I figured it out, for me the reason was the relative url. When I need to list folder content, I don't need to add /sites/sitename/library etc., it just has to be /library. But when I am downloading the files already, I need to add /sites/sitename/folder/file.
This is really weird, because I still can access and download files without adding /sites/sitename/, but the content is corrupted then. At the same time, if I add /sites/sitename/ when I am getting folder content, it throws an error, and only works if I start relative url with a library.
It is weird that every single resource suggests to add /sites/sitename to relative url for both folder content and file content.

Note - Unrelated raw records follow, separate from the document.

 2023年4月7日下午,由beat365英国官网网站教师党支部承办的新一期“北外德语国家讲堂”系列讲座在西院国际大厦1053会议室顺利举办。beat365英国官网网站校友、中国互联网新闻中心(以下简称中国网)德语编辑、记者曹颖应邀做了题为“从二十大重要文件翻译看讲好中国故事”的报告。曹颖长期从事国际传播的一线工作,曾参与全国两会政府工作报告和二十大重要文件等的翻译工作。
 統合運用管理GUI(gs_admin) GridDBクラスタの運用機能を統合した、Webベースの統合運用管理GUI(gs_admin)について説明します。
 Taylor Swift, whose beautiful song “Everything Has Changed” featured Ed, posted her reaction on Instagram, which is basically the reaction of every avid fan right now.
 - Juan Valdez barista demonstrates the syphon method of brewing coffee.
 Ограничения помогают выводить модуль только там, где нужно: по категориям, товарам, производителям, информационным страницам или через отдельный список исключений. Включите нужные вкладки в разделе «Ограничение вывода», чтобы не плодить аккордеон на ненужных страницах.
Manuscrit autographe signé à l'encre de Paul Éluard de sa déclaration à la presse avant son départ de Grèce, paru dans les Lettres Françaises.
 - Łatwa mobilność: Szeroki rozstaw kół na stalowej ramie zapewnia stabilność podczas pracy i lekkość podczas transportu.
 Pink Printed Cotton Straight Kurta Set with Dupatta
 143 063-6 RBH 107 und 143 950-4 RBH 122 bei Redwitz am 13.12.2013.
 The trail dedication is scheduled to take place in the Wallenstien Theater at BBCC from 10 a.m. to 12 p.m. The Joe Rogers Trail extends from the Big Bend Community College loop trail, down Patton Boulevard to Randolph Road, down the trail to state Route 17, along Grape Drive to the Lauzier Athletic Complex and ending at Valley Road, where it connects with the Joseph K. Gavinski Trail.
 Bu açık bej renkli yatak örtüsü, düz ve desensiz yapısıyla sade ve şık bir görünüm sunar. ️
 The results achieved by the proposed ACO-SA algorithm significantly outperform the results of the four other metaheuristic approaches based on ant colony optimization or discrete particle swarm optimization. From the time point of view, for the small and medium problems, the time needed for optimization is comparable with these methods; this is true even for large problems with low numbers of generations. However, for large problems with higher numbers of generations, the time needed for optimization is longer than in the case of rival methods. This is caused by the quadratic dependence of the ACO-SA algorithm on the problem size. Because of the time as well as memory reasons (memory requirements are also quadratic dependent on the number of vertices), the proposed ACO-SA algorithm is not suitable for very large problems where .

Thanks for suggestion. can you share final working code . If we want to download all contents of subfolder like /sites/sitename/Documents/somefolder then what would be final code?
Thanks guys. This helps solve a lot of problems and issues faced while using the Sharepoint package.
Hi Friends,
Do you have any idea, how to download large csv files larger than 10GB in small chunk. because AWS lambda can't handle large files like this.
If possible, share the code snippet as well.
Thanks in advance!
My Python 3 code:
from office365.runtime.auth.authentication_context import AuthenticationContext from office365.sharepoint.client_context import ClientContext
url = 'https://company.sharepoint.com/sites/abc' ctx_auth = AuthenticationContext(url=url) if ctx_auth.acquire_token_for_user(username='abcd.xyz@company.com', password='12345'): ctx = ClientContext(url, ctx_auth) lists = ctx.web.lists ctx.load(lists) ctx.execute_query() for l in lists: print(l.properties['Title'])
From the above code, I can list the items in the site. But my plan is to run this entire module in AWS Lambda using Python and download from SharePoint Documents and store in AWS S3.
A folder can have multiple files. I want to download the entire folder with all the files. Anyone did this? Any help? A working code shall be a great help as I am totally new to web scraping!